__Instructions to follow__.
Your answer must be the exact lines below, starting with the line with "花色羽绒服女长款今年新款冬季修身女款品牌女士印花加厚白色外套" and going on through the line with "ふんわりとした白い被毛が印象", both included, with no pictures.

__Data section__.
+ + + + +

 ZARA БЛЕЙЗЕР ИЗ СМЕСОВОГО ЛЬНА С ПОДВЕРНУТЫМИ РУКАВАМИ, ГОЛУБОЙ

+ + + + +

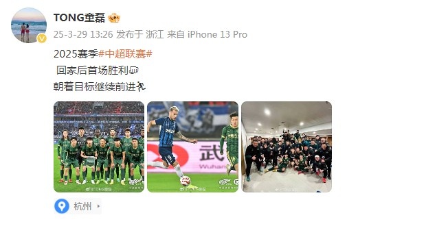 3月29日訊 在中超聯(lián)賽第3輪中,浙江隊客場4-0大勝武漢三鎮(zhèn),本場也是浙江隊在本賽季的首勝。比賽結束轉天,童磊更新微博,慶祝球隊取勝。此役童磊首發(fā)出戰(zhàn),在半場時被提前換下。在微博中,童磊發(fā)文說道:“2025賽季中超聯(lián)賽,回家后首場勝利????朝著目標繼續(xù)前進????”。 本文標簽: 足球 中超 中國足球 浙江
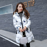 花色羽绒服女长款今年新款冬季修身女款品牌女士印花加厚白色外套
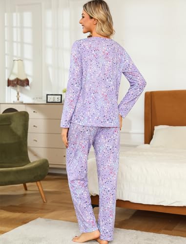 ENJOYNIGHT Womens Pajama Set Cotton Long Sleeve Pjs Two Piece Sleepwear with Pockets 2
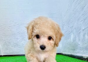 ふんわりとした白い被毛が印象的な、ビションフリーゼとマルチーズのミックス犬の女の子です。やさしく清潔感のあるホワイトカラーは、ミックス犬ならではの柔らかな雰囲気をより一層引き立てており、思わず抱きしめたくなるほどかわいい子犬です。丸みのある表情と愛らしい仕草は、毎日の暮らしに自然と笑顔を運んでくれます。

+ + + + +

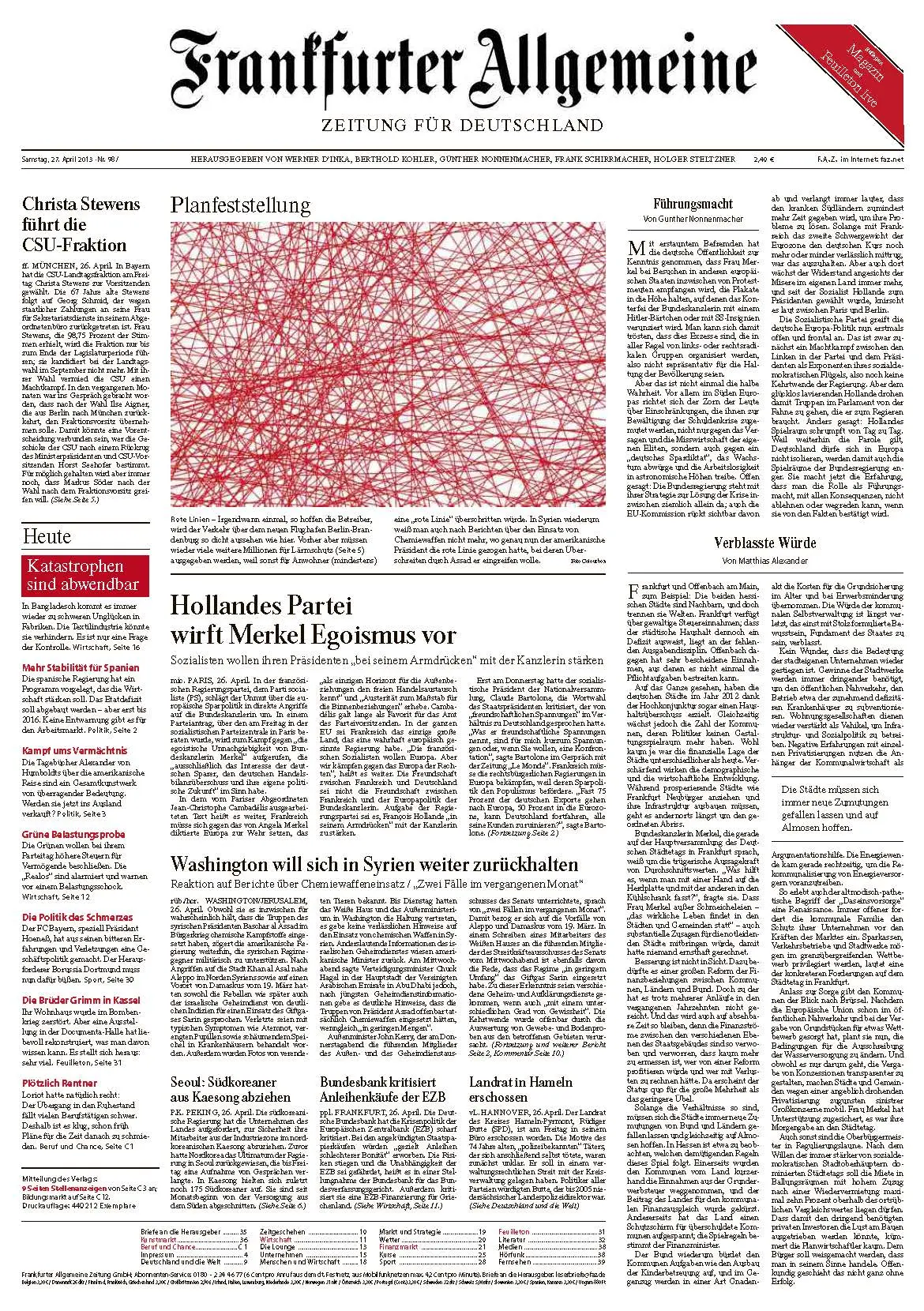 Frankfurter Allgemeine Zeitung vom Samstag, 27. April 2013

+ + + + +

__Response for this exercise__.
 花色羽绒服女长款今年新款冬季修身女款品牌女士印花加厚白色外套
 ENJOYNIGHT Womens Pajama Set Cotton Long Sleeve Pjs Two Piece Sleepwear with Pockets 2
 ふんわりとした白い被毛が印象的な、ビションフリーゼとマルチーズのミックス犬の女の子です。やさしく清潔感のあるホワイトカラーは、ミックス犬ならではの柔らかな雰囲気をより一層引き立てており、思わず抱きしめたくなるほどかわいい子犬です。丸みのある表情と愛らしい仕草は、毎日の暮らしに自然と笑顔を運んでくれます。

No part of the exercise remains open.